CPC was not authorised to disallow deduction u/s 80P u/s 143(1)(a) for violation of Section 80AC of the Act – ITAT
In A recent judgment, ITAT Jodhpur held that CPC while processing the return u/s 143(1)(a) of the Act was not authorised to disallow the deduction u/s 80P of the Act for violation of Section 80AC of the Act.
ABCAUS Case Law Citation:
4712 (2025) (08) abcaus.in ITAT
In the instant case, the assessee had challenged the order passed by the CIT(A) in confirming the rejection by CPC Bengaluru of the claim made by the assessee u/s 80P of the Income Tax Act, 1961 (the Act)
The appellant assessee was a co-operative society engaged in business of trading in fertilizers and pesticides to its members. The assessee, while filing return of income for AY 2018-19 claimed exemption under section 80P(2)(iv). During the processing of return by CPC Bengaluru under section 143(1), the said claim was duly rejected for violation of Section 80AC of the Act.
The Assessee had filed the return of income with delay of 43 days.
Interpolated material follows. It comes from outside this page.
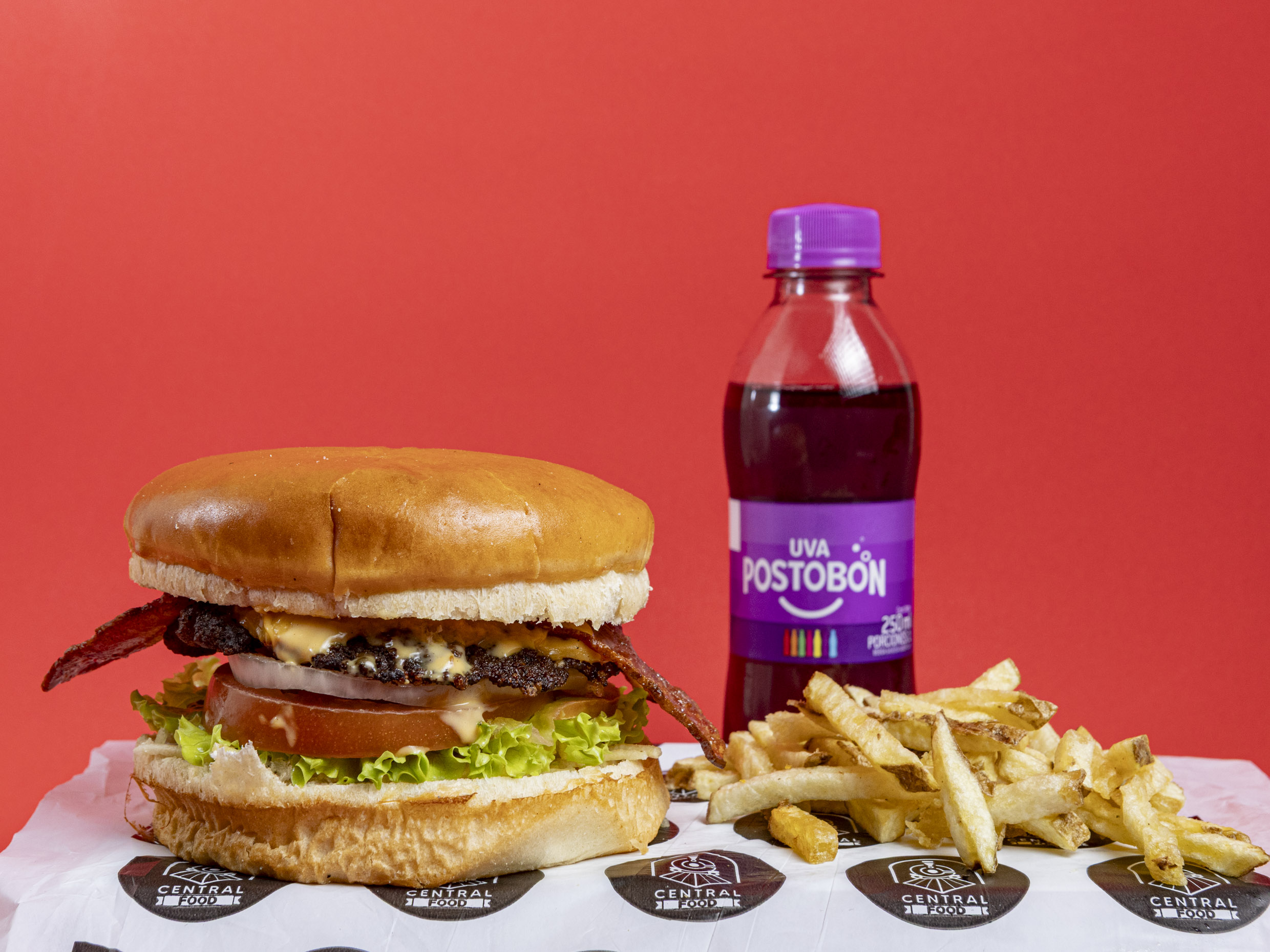 carne 100% de res, tocineta, queso cheddar, tomate, cebolla, lechuga, salsa de la casa, papa francesa y gaseosa 250ml

The return u/s 139 was due on 30th September but was filed in the month of November.
The Tribunal observed that after the amendment made by the Finance Act, 2018 w.e.f 01/04/2018 related A.Y. 2018–19 onwards, section 80AC provided that no deduction under any provision of Chapter VIA under the heading C.—Deductions in respect of certain incomes” shall be allowed, unless: The return of income is furnished on or before the due date specified under section 139(1).
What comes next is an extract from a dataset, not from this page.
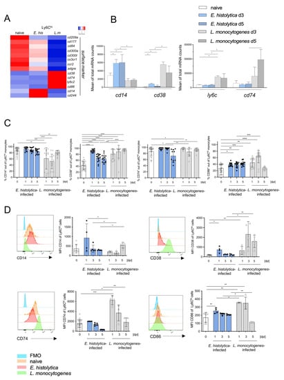 Next, we analyzed the differential expression of genes encoding surface markers that may be useful for further subdivision of Ly6Chi monocytes. We found significant upregulation of genes encoding Ly6c2, Cd38, and Cd74 in Ly6Chi monocytes from L. monocytogenes-infected mice, whereas higher expression of Cd14 was characteristic for Ly6Chi monocytes from E. histolytica-infected mice (Figure 4A,B). The expression of these genes at the protein level on Ly6Chi monocytes from both infection models was validated by flow cytometry. Although not significantly regulated at the transcriptional level, we included the analysis of the co-stimulatory receptor CD86 in the panel to further describe M1 polarization of inflammatory monocyte []. As in monocytes from naïve mice and in agreement with the transcriptomic data, we found that the percentage of CD14-expressing Ly6Chi monocytes was higher and remained higher from d1 p.i. on following E. histolytica infection than in Ly6Chi monocytes from L. monocytogenes-infected mice, the latter initially decreased but increased from d5 of infection (Figure 4C). This picture was mirrored by lower MFIs for CD14 on Ly6Chi monocytes derived from the L. monocytogenes model than on monocytes from the E. histolytica model (Figure 4D). When compared with that in uninfected animals, expression of CD38 increased significantly in both models shortly after infection. However, expression was significantly stronger on monocytes from the L. monocytogenes infection model (Figure 4D). Initially, the percentage of CD74-expressing monocytes remained the same as that in naïve mice following E. histolytica infection, but decreased on d5 p.i. (Figure 4C). During L. monocytogenes infection, expression and MFI of CD74 increased on d1 p.i., but then decreased to the level observed in uninfected animals as infection progressed (Figure 4C,D). The expression and MFI level of CD86 also decreased significantly over time during infection with L. monocytogenes, and to a lesser extent this was also true for monocytes in the E. histolytica model (Figure 4C) (expression on monocytes from spleen, blood, bone marrow see Figure S3A–C).

The Tribunal further observed that the CPC during processing of return u/s 143(1) of Act rejected the claim made by the assessee U/s 80P of the Act and added back the surplus income.
The Tribunal further noted that for the relevant Assessment Year the section 143(1)(a) provided for certain adjustments can be made, such as arithmetical errors, incorrect claims, disallowance of loss set-off against late return, etc. But the CPC adjusted the said amount U/s 143(1)(a) of the Act by disallowing the claim of deduction U/s 80P of the Act by violation of Section 80AC of the Act.
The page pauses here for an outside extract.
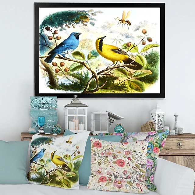 Blue and Yellow Bird The Wild Canvas Wall Art Print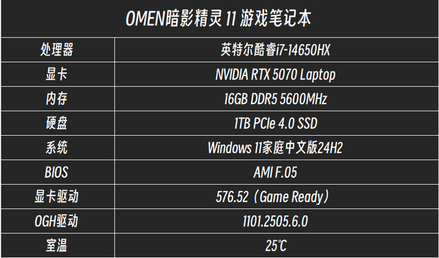 OMEN暗影精灵11游戏笔记本的综合素质非常给力,个人总结其拥有四个非常明显的优势。第一,i7-14650HX搭配RTX 5070 Laptop,以及170W+的性能释放,其性能表现在相近价位或者相似配置的机型中,是比较出色的;第二,散热表现不错,极限压力测试下,无论是处理器还是显卡,温度控制比较给力;第三,屏幕素质依旧很能打,2.5K+240Hz+实测超高亮度,在相近价位中很有优势;第四,质价比在一线品牌中很高,RTX 5070 Laptop机型国补后到手价不到7000元,非常吸引人。所以说暗影精灵11是一款质价比和性价比都非常出色的游戏本,素质全面,价格亲民,是此次618非常值得关注的游戏本产品。

The Tribunal noted that the Lucknow Bench of the ITAT had allowed the claim under section 80AC of the Act observing that disallowance for deductions claimed under Chapter VIA was incorporated in the adjustments by the amendment made to section 143(1)(a) by the Finance Act 2021 w.e.f. 01.04.2021. However such adjustments under Chapter VI-A was not permissible under Section 143(1) of the Act in response of assessment years prior to A.Y. 2021-22.
The Tribunal held that the claim of deduction U/s 80P was duly rejected for contravening provision u/s 80AC of Act. But for the relevant Assessment Year, the CPC was not empowerd to adjust the said claim u/s 143(1)(a) of the Act. Following the order of the ITAT Lucknow Bench the Tribunal held that the adjustment made by the CPC was unjustified.
Accordingly, the impugned appellate order was set aside and the addition was quashed.